Thanks SpongeBob and Big Al. Yes you've reminded me of two aspects I didn't even mention - low sperm counts after chemotherapy, and different chemo drugs causing different levels of damage. I've read that for some post-chemo men the count rises slowly over a period of years. At least that's a practical problem we can understand and see in a microscope. Any chromosome damage is a more complex issue and can't be seen under a microscope. But I haven't seen any reports of abormalities in children fathered after chemo and you'd think any problems in that area would have surfaced by now, considering the large numbers of men who have fathered children after chemo. So that's reassuring.
If I find any additional useful info I'll post it onto this forum.
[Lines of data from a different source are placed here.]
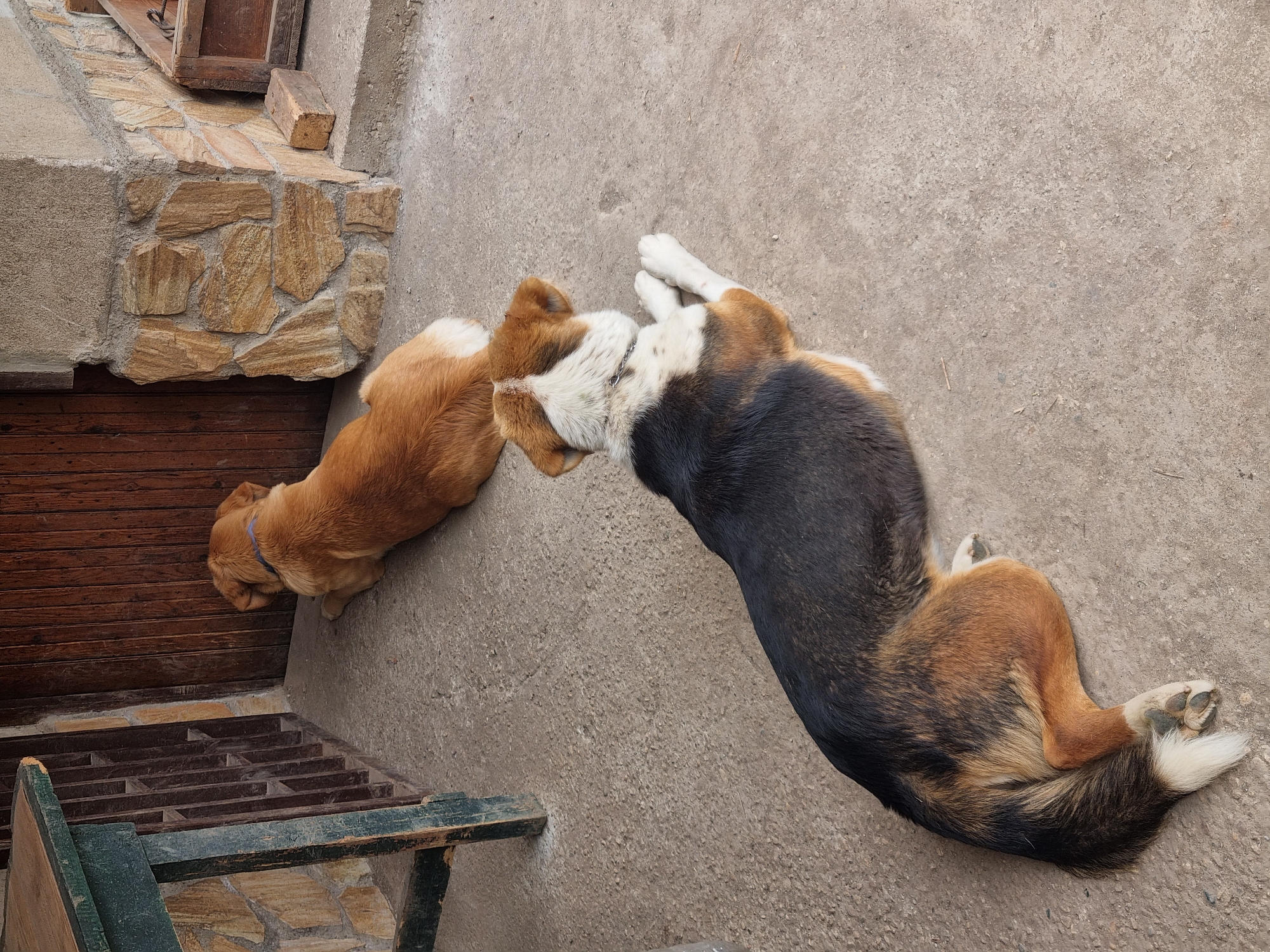 Two dogs are lying on a concrete surface in Galabovtsi, Bulgaria. One dog is light brown, wearing a purple collar, and positioned near a brown wooden gate and a grate. The second dog, black, white, and brown, rests with its head near the first dog's rear, its tail extended, showing white-tipped fur. A stone wall is visible to the left of the brown gate.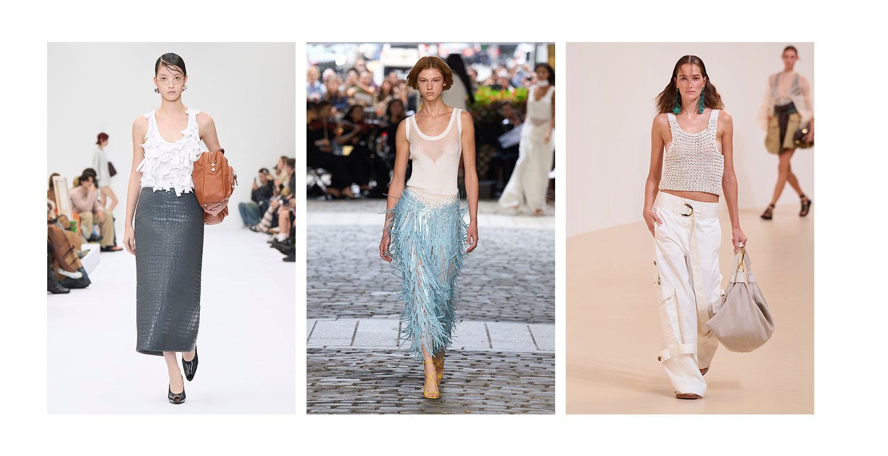 Зліва направо: Tory Burch весна-літо 2025, Stella McCartney весна-літо 2025, Gabriela Hearst весна-літо 2025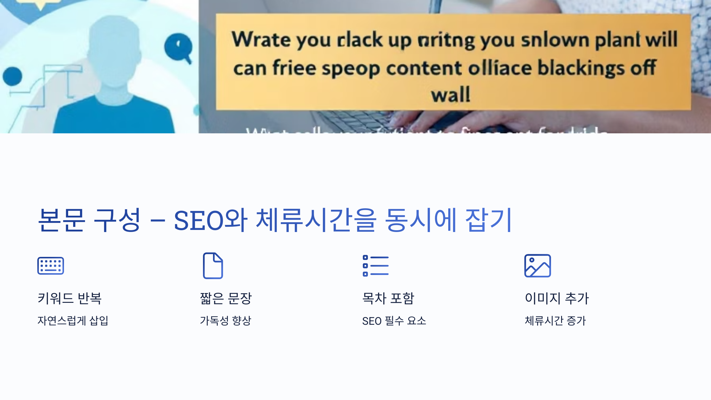 - 본문 구성 – SEO와 체류시간을 동시에 잡기

By the way Spongebob - thanks for bringing this to my attention "men can't conceive" - I just checked my dictionary and you're right - I had a feeling there was something wrong with my plans. Looks like I will need the assistance of a female of the species - that could complicate proceedings somewhat.

jrasnic
Posts: 14
Joined: Jul 2004

Hi Waving,

My husband had his swimmers frozen and counted before chemo, and then about a year after he finished chemo, he had his numbers checked again. Although the number is a bit lower, he is still considered fertile with a good probability of being able to help make a baby. I know that one should not try to fertilize or conceive during chemo, but I have heard no warnings about trying after chemo is completed and one has given himself time to get the toxic drugs out of his system.
Hope that helps!
Jackie

Waving
Posts: 43
Joined: Sep 2004

Thanks Jackie - glad to hear your husband has good numbers and it was wise to bank some semen before treatment. In regard to "fertilize or conceive" - that's good wording - I will borrow that for future use if you don't mind - it will solve Spongebob's concern about my using conceive for both sexes. Good luck if you try and make a baby!
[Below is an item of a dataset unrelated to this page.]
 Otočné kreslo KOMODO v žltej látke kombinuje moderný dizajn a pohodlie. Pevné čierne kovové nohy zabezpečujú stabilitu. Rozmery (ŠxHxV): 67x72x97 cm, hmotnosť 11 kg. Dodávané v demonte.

Here's part of an interesting and relevant message posted by Yolanda on September 14 2005 on another forum: "My husband was diagnosed w/Colon Cancer last year (6/04). He had some sperm frozen, we just did a round of IVF (8/05) and used fresh sperm. We were told to wait 6 months after the chemo treatments stopped. Then he took a test to see how his DNA looked (7/05) and everything looked good. We are pregnant ...".

Firefighter35's picture
Firefighter35
Posts: 10
Joined: Jul 2005

I have a question that may or may not be with this topic. I wanted to know if anyone knows if there is any affect on a woman who is active with a man who is going through chemo. There is not a worry about her getting pregnant since her tubes are tied, just wanted to know if there was any risk to her. Any info. would be appreciated.
Thanks,
Tim

spongebob's picture
spongebob
Posts: 2600
Joined: Apr 2003

Tim -

Use a condom. Chemo drugs are excreted via the urinary tract and can often be found in semen. Best to keep chemo drugs away from those who don't need them!

- SB

Waving
Posts: 43
Joined: Sep 2004

On this page http://www.tc-cancer.com/tcsex.html of the website tc-cancer.com it says: "You may be afraid that you can pass on cancer cells to your partner during sex. This is not true. Cancer is not infectious. But you should use a condom if you are having chemotherapy, and for three months afterwards. Doctors don't know enough about how much of the drugs come through in the semen. So wearing a condom makes sure that your partner is as safe as possible."
I don't know whether that refers only to the chemotherapy specific to testicular cancer or to chemotherapy more generally.

You could ask her whether she wishes to take a chance on absorbing a small amount of the chemotherapy drugs. I don't know whether chemo agents are concentrated in semen but if they aren't then the mount your partner would absorb would be pretty minimal I would think.